Каталога имен будет достаточно, чтобы указать характер и вариацию локализованной степени выражения, которую мы свободны называть американской по типу: Морган Рассел, С. Макдональд Райт, Артур Г. Дав, Уильям Ярроу, Дикинсон, Томас Х. Бентон, Абрахам Валковиц, Макс Вебер, Бен Бенн, Джон Марин, Чарльз Демут, Чарльз Шилер, Марсден Хартли, Эндрю Дасбург, Уильям Макфи, Ман Рэй, Уолт Кун, Джон Коверт, Мортон Шамберг, Джорджия О'Кифф, Стюарт Дэвис, Рекс Слинкард. Добавленные к этим, три современных фотографа Альфред Стиглиц, Чарльз Шилер и Пол Стрэнд должны быть включены. Кроме этих родных имен, поместим ли мы иностранных художников, чья работа попадает в линию в движении к современному искусству в Америке: Джозеф Стелла, Марсель Дюшан, Гастон Лашез, Эли Надельман. Не может быть ни малейшего вопроса о том, сколько успеха все эти художники имели бы в своих соответствующих путях в различных группировках, которые преобладают в Европе в это время. Они были бы признаны сразу за подлинность своего опыта и за свою целостность как художников, одаренных интернациональным интеллектом. Нет никакой причины чувствовать, что преобладающие организации, такие как Общество независимых художников, Инк., и Société Anonyme, Инк., не понесут большого увеличения влияния и силы на публику, так как есть всякая причина верить, что в то или иное время публика осознает, что делается для них этими обществами, а также что было сделано столь знаменитой галереей «291».

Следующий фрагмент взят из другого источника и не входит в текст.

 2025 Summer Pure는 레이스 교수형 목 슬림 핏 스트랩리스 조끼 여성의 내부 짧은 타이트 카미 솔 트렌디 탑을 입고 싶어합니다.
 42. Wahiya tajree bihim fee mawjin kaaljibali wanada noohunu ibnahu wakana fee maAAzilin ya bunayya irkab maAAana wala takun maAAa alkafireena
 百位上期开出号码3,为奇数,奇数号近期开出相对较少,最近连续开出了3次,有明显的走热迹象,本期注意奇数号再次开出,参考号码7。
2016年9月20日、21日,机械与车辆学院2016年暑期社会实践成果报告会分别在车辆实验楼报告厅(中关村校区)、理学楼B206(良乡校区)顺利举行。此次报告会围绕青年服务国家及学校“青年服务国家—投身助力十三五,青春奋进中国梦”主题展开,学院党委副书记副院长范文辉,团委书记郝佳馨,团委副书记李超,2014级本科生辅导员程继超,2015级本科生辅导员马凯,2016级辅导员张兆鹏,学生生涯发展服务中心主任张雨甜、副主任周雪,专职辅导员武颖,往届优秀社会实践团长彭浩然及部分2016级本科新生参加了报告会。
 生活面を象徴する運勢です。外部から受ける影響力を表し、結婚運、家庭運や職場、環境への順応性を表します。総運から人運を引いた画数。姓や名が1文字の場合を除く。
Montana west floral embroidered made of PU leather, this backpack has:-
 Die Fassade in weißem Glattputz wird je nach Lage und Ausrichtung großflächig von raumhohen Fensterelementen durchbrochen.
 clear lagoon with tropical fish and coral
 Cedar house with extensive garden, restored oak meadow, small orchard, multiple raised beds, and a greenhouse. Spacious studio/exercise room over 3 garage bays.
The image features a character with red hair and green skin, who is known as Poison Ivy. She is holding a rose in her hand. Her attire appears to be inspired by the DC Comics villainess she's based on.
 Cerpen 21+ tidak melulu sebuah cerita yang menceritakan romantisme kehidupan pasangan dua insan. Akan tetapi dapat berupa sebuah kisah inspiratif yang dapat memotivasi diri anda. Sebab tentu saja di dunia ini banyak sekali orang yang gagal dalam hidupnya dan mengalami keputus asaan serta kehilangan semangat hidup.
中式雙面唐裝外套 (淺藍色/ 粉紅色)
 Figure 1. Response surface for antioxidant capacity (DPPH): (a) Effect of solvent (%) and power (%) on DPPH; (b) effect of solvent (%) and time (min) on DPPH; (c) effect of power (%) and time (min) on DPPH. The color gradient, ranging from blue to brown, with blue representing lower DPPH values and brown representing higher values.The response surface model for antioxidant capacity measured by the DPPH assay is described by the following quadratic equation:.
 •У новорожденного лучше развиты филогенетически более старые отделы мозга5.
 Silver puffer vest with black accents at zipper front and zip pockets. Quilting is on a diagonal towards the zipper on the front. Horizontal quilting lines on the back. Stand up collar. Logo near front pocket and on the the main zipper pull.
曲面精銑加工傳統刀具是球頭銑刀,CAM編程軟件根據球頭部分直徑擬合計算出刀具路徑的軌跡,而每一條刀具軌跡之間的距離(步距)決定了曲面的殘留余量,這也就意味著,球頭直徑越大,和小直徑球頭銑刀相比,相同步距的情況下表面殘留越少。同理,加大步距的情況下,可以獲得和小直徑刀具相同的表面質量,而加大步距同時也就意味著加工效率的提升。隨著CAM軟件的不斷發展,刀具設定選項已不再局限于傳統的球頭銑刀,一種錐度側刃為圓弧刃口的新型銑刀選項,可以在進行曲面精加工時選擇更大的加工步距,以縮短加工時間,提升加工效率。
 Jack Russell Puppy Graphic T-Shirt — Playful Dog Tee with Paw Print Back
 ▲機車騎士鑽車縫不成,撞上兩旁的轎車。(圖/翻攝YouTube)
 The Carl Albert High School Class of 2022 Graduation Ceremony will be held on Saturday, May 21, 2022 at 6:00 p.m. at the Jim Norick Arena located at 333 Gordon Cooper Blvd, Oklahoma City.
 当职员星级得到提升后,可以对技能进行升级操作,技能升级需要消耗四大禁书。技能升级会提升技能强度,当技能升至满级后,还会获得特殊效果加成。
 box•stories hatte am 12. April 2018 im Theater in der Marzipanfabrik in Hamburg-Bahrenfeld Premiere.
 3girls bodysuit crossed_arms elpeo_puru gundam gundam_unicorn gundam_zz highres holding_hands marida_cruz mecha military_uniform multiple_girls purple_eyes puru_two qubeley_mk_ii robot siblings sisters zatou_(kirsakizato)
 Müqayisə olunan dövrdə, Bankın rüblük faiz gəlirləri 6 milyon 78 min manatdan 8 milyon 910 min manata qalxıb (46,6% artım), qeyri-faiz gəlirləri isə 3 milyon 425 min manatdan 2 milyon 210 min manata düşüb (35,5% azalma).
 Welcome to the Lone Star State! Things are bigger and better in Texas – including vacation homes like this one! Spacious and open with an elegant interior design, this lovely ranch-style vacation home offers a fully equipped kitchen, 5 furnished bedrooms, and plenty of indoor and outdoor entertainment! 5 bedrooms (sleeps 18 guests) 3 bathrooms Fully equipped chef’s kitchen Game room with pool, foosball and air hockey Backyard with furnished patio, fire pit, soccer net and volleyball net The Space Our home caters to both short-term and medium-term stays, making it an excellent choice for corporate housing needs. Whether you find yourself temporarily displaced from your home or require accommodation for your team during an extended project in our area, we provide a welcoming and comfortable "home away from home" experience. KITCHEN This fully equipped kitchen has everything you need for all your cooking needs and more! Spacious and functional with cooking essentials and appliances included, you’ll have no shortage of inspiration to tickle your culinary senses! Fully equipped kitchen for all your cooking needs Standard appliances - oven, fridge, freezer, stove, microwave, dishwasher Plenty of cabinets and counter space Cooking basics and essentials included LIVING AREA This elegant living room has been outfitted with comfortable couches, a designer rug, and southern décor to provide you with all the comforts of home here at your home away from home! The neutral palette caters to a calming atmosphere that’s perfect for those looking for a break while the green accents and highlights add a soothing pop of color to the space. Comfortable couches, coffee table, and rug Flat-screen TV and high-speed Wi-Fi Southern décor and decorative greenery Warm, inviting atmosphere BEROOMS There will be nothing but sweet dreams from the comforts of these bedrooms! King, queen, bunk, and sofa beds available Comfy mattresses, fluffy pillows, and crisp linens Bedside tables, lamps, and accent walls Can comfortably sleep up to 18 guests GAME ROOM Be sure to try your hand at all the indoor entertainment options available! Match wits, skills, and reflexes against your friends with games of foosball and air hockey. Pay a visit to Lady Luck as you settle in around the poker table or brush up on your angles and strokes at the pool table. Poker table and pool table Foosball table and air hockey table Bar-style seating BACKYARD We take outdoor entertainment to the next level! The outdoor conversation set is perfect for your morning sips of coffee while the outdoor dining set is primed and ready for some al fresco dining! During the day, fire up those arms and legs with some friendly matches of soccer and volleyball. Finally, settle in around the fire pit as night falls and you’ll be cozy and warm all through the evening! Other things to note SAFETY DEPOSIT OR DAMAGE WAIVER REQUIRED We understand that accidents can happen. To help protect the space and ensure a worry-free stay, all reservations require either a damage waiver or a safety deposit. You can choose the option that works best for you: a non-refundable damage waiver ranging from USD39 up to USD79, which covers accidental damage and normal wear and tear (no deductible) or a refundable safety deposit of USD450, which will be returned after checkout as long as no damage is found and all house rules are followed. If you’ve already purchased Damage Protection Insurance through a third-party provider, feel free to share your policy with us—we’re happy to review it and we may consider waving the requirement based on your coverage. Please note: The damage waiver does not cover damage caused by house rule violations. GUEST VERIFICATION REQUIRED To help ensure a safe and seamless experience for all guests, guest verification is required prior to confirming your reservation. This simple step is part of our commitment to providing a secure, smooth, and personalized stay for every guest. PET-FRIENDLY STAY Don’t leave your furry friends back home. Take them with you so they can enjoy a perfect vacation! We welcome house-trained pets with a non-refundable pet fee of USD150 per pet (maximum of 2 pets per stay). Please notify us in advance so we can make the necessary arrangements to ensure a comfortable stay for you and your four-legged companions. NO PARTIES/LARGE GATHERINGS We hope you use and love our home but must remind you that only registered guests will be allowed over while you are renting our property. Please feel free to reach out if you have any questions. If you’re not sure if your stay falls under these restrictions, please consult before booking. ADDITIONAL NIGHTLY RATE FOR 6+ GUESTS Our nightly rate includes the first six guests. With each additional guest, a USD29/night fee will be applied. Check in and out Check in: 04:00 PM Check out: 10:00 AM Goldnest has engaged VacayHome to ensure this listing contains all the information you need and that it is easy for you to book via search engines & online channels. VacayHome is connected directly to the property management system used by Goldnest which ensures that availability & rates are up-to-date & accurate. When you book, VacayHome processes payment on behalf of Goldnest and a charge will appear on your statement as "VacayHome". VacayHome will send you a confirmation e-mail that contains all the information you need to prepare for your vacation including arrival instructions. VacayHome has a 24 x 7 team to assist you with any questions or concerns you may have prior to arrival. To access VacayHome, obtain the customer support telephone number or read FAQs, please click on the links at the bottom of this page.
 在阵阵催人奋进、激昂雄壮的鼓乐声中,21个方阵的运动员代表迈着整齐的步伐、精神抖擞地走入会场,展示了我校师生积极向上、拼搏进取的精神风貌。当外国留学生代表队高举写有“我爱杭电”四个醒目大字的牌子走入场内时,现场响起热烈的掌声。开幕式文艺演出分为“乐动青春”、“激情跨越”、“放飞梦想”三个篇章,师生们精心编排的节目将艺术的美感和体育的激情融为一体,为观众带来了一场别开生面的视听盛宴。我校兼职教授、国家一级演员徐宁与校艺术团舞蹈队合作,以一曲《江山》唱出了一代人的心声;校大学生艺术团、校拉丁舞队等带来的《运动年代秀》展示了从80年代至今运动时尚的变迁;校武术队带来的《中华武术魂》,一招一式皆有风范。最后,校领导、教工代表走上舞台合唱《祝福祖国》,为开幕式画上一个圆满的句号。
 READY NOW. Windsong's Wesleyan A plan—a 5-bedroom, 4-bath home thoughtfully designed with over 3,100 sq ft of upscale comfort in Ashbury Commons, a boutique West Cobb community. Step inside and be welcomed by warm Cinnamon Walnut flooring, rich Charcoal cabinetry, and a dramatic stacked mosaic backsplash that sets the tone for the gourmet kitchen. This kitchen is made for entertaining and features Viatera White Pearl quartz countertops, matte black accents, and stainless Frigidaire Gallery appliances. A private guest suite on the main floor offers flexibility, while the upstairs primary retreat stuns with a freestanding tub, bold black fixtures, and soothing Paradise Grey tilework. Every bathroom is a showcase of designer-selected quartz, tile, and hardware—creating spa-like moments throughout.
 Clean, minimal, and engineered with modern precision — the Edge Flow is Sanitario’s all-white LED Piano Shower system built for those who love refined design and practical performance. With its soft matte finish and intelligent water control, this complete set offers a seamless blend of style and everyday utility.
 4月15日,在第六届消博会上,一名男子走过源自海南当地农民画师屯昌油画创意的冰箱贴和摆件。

Однако этот эффект недостаточно масштабен, поскольку публика не находит в самой идее искусства ничего шокирующего. Он недостаточно мелодраматичен, а к Америке необходимо взывать через ее по сути типичные мелодраматические инстинкты. Музыки всегда в достатке, и есть люди, которые, безусловно, могут сказать слишком много о том, какая она в этой стране. То же самое можно сказать и о живописи. Существует слишком много «уютного» искусства, искусства возвышенной иллюстрации. Это рефлекс англосаксонской страсти к рассказыванию историй в картинках, которую следовало бы оставить для журналов. Великое искусство часто рассказывает историю, но великое искусство — это всегда нечто большее, чем просто идея. Обычное искусство не поднимается выше нее.

Я часто задаюсь вопросом, почему Америка, по сути являющаяся страной спорта и азартных игр, не обладает европейской смелостью и жаждой новых свершений в культурных вопросах. Может ли это быть потому, что Америка не по-настоящему интеллектуальна? Мне было бы неловко так думать. Тем не менее, существует очевидная летаргия в оценке творческого вкуса и все еще сохраняющаяся старомодная вера в постоянную необходимость импорта. В Америке есть огромный корпус ассимиляторов, и именно из этого дара к нетворческой ассимиляции возник тот тип искусства, который мы должны принимать как свой собственный. Совсем несложно доказать, что в Америке сейчас есть обнадеживающая и компетентная группа молодых и энергичных синтетиков, которые с умом демонстрируют то, чему они научились у новейшего и наиболее притягательного направления в искусстве, а именно — у современного искусства. Имена, упомянутые выше, являются определенным указанием, и можно даже сказать доказательством, того аргумента, что современное искусство в Америке быстро становится интеллектуально локализованным явлением.

НАШИ ТВОРЦЫ

Что создает темперамент — видение или видение создает темперамент? Физическое зрение отвечает почти за все в искусстве: не способность видеть, а способ видеть. Именно идеальный или дефектный глаз определяет, что именно человек видит и как он это видит. Это, безусловно, было фактором в жизни Лафкадио Хирна, ведь его однажды назвали поэтом близорукости. Именно острочувствительный глаз Сезанна научил его так умело фиксировать малые и большие вариации своей темы. Мане, безусловно, видел гораздо меньше цвета, чем Ренуар, ибо в ренуаровском смысле он вовсе не был колористом. Он сам говорил, что писал только то, что видел. Зрение для Сезанна было почти наукой, как и страстью.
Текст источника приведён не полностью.